Irish voters go to the polls again on Friday to decide whether to adopt the EU's Lisbon Treaty. The mood in European capitals is nervous; on two of the past three occasions the Irish have been asked to vote on an EU Treaty, they have rejected it.
For the EU, the stakes could not be higher. The Lisbon Treaty was the compromise agreed to by EU leaders in the aftermath of the rejection of the Constitutional Treaty in popular referendums in France and The Netherlands in 2005. Much negotiating blood has been spilled on the treaty, and another rejection would leave the union unable to ratify and implement its provisions; this would lead to policy paralysis and institutional decay.
The referendum campaign in Ireland has seen a resurgence of conflict between a familiar constellation of forces. On the yes side are all of the main political parties, trade unions, the business community and a broad network of civil-society groups. Their campaign has been more co-ordinated and intense than last time, with the aim of mobilising the maximum number of supporters and ensuring a high turnout, which most commentators assume will assist the yes vote.
On the no side, a disparate coalition drawn from both the far Right and the far Left, including ultra-Catholics and unreconstructed Marxists, has sought to whip up hysteria about supposed threats ranging from military conscription to euthanasia and abortion. But the no side has struggled to find a coherent point of reference and seems to have none of the dynamism and vigour it projected last time.
The main reason for this is that Ireland has been traumatised by economic misfortune over the past year.
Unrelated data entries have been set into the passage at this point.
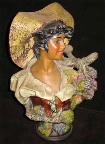 Painted Terra Cotta Bust, 19 x 12, small chip on hat rim.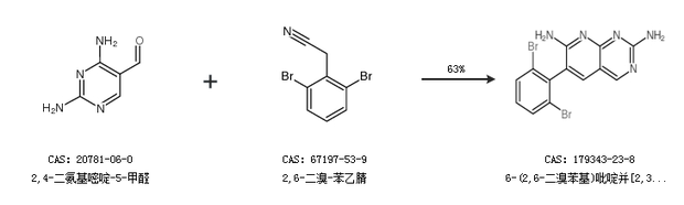 1.通过2,4-二氨基嘧啶-5-甲醛和2,6-二溴-苯乙腈合成6-(2,6-二溴苯基)吡啶并[2,3-d]嘧啶-2,7-二胺,收率约63%;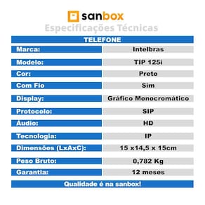 Totalmente Prático e Moderno! O TIP 125i da Intelbras conta com uma excelente qualidade de áudio em HD, livre de interferências ou ruídos, e com ajuste de volume digital. Além disso, com esse telefone você tem mais conforto para falar, pois, possui conector e tecla de atendimento para utilização com Headset RJ9 (Não Incluso!).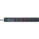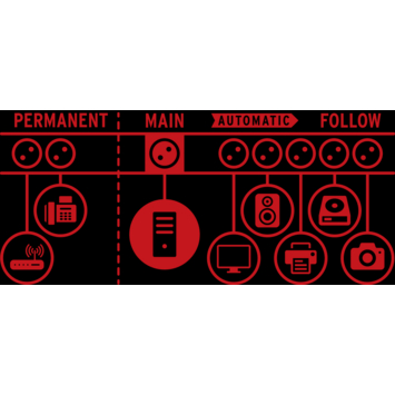 Secure-Tec 19.500 A automatische stekkerdoos met overspanningsbeveiliging Met digitale master/slave-functie en overspanningsbeveiliging. Beveiligd waardevolle apparaten tegen overspanning met een max. lekstroom tot 19.500 A. De stekkerdoos beschikt over twee permanent stekkers, die blijven altijd aan. Tevens beschikt de stekkerdoos over een hoofdschakelaar of "master", die stuurt de volgschakelaars "slaves" aan. Als de voeding, die in de master is geplugd, in de aan- of uitstand wordt geschakeld, volgen de - slaves -, door de aangesloten toestellen trapsgewijs aan en/of uit te schakelen. Hoger comfort dankzij 1 master- (3500 W) en 5 slave-stopcontacten (3500 W). Instelbare schakelgrenswaarden (ca. 8 tot 80 W).

The hubris of the Celtic Tiger years is a distant memory, owing to the worst recession in Ireland's history as an independent state. This year economists expect the economy to contract by up to 8 per cent, with a further steep decline likely next year.
The budget deficit is now the largest in the EU, and public debt has ballooned as the government has struggled to compensate for the steep drop in revenues. The Irish banking system approached total collapse in September last year and was saved only by a E400 billion ($676bn) government guarantee of all bank deposits. More recently, the state assumed the liabilities of rogue property developers by setting up a "bad bank" that could saddle Irish taxpayers with a mountain of debt for decades to come.
The depth of the economy's plunge has helped the Irish government in its effort to secure a yes vote. The European Central Bank has provided a monetary lifeline that has provided much needed liquidity within the financial system and helped the government to stem the crisis of confidence created by the banking collapse. Government ministers and EU representatives repeatedly cite the example of Iceland in pointing out what might have happened to Ireland if it had been outside the EU.
Thus, the second referendum has brought back into play the economic dimension of Ireland's EU membership, which was largely absent from last year's debate on the treaty. Ireland has benefited disproportionately from EU largesse during its 35 years of membership, and last year was still receiving a net sum of E500million from the EU budget. Voters have been reminded of the potentially catastrophic cost of being excluded, not just from the single-market area but also from the decision-making structures in the Council of Ministers and the European Central Bank.
In addition, the Irish government secured legal guarantees from its EU partners on the issues that most concerned voters who voted no or abstained last time. These compromises state that nothing in the treaties will affect Irish prerogatives on abortion, military neutrality and taxation.
This is helping to mobilise a majority in favour of the treaty. Opinion polls conducted in recent weeks indicate that the yes side commands a strong majority of 62 per cent to 23 per cent, with 15 per cent of the electorate undecided. But nobody should take Irish voters for granted in the final days of the campaign.